Any idea of what the problem might be? I think it's probably that the file I used for the -r argument of the re-ranker train.py script might be different to the one you used because of the preprocessing. I also trained my own BPE model and my own embeddings. As you can see in the error excerpt, right now I'm trying to train using only eo features, if that matters.

Thank you in advance, and thank you for making your code open too. It's very helpful.

Edit: nevermind, it was my fault because I forgot I shuffled the dev sentences when preprocessing them.

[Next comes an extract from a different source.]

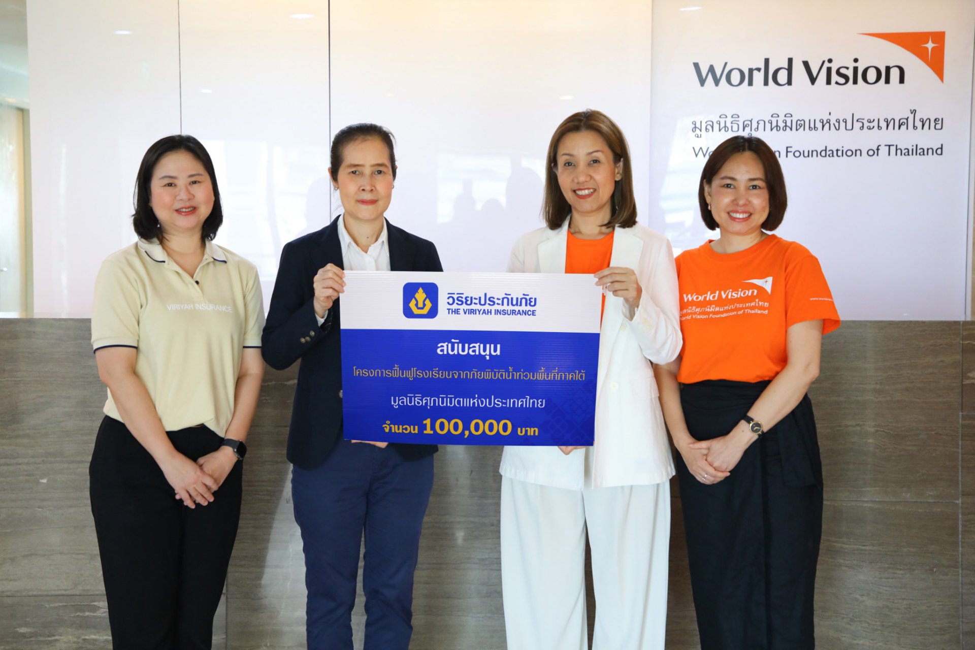 นางรสลิน โกแวร์ ผู้อำนวยการมูลนิธิศุภนิมิตแห่งประเทศไทย (World Vision Foundation of Thailand) รับมอบงบประมาณจำนวน 100,000 บาท จาก บริษัท วิริยะประกันภัย จำกัด (มหาชน) โดย นางชลทิชา สัตยมานะ ผู้ช่วยผู้จัดการฝ่ายสื่อสารองค์กร เป็นผู้แทนมอบ ภายใต้ โครงการฟื้นฟูโรงเรียนที่ได้รับผลกระทบจากน้ำท่วมภาคใต้ ซึ่งงบประมาณดังกล่าว จะถูกนำไปสนับสนุนการจัดซื้อจัดหาครุภัณฑ์และอุปกรณ์การเรียนการสอนให้กับโรงเรียนบ้านศรีพงัน อ.ตากใบ จ.นราธิวาส และโรงเรียนบ้านม่วงถ้ำ อ.เทพา จ.สงขลา เพื่อสนับสนุนการปรับปรุงซ่อมแซมห้องเรียนที่ได้รับความเสียหายจากภัยพิบัติน้ำท่วมรุนแรง ให้กลับมาสู่สภาพที่พร้อมสำหรับการจัดการเรียนการสอนได้อย่างปกติ โดยพิธีมอบจัดขึ้น ณ มูลนิธิศุภนิมิตแห่งประเทศไทย แขวงสามเสนนอก เขตห้วยขวาง กรุงเทพฯ

Thank you anyway and sorry!

Edit 2: closed too early because I thought it was just a stupid mistake but the problem persists... should the m2 file not include the annotations?

shamilcm commented 5 years ago

If you are training the re-ranker with M2 metric, you need to use an M2 format file (released with CoNLL-2014 & 2013 test sets). This is similar to how dev.m2 prepared by the released scripts looks like (format is available in the README.md https://github.com/nusnlp/m2scorer). The reason for "Levenshtein distance" error while training is because we use an external implementation of M2 in Moses framework for training, which skips distance source/target sentences possibly for efficiency reasons and prints the error you got. Alternatively, we've recently implemented and released another version of n-best reranker (https://github.com/nusnlp/crosentgec/blob/master/tools/nbest-reranker/) that has an in-built M2 implementation that does not skip sentence pairs and can compute M2 efficiently. We noticed this may slightly improve results also.